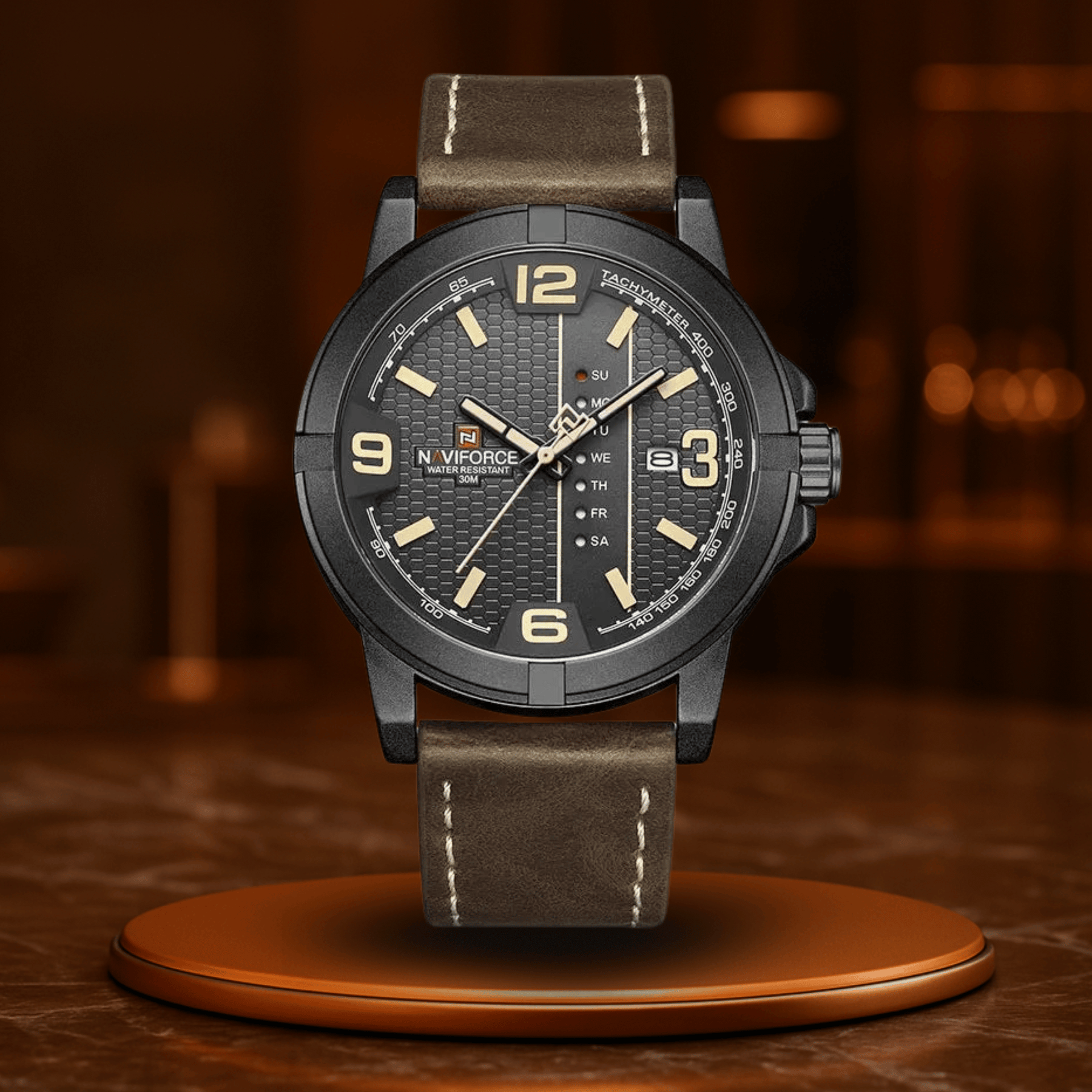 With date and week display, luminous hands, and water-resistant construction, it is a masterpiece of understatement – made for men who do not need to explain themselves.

----------

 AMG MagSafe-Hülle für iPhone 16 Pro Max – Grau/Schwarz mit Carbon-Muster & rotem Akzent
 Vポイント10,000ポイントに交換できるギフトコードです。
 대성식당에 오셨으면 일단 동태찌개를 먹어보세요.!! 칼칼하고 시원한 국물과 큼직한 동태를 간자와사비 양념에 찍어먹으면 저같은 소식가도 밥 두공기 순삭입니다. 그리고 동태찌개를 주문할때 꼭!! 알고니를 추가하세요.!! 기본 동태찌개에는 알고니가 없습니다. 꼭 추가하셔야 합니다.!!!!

----------

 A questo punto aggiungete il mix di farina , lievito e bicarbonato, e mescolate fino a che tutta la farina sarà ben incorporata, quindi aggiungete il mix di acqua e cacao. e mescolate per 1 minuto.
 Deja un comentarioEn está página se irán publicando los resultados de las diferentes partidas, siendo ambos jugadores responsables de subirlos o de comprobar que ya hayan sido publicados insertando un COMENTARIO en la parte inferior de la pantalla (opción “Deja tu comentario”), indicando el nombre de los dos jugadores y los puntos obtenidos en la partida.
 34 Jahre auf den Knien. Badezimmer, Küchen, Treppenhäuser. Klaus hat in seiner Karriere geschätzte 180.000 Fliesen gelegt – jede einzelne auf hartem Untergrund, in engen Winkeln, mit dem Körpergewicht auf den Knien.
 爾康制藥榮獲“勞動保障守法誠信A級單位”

----------

From the entries above, extract only the lines running from the one containing "Vポイント10,000ポイントに交換できるギフトコードです。" through the one containing "대성식당에 오셨으면 일단", inclusive.

» **Answer area**
 Vポイント10,000ポイントに交換できるギフトコードです。
 대성식당에 오셨으면 일단 동태찌개를 먹어보세요.!! 칼칼하고 시원한 국물과 큼직한 동태를 간자와사비 양념에 찍어먹으면 저같은 소식가도 밥 두공기 순삭입니다. 그리고 동태찌개를 주문할때 꼭!! 알고니를 추가하세요.!! 기본 동태찌개에는 알고니가 없습니다. 꼭 추가하셔야 합니다.!!!!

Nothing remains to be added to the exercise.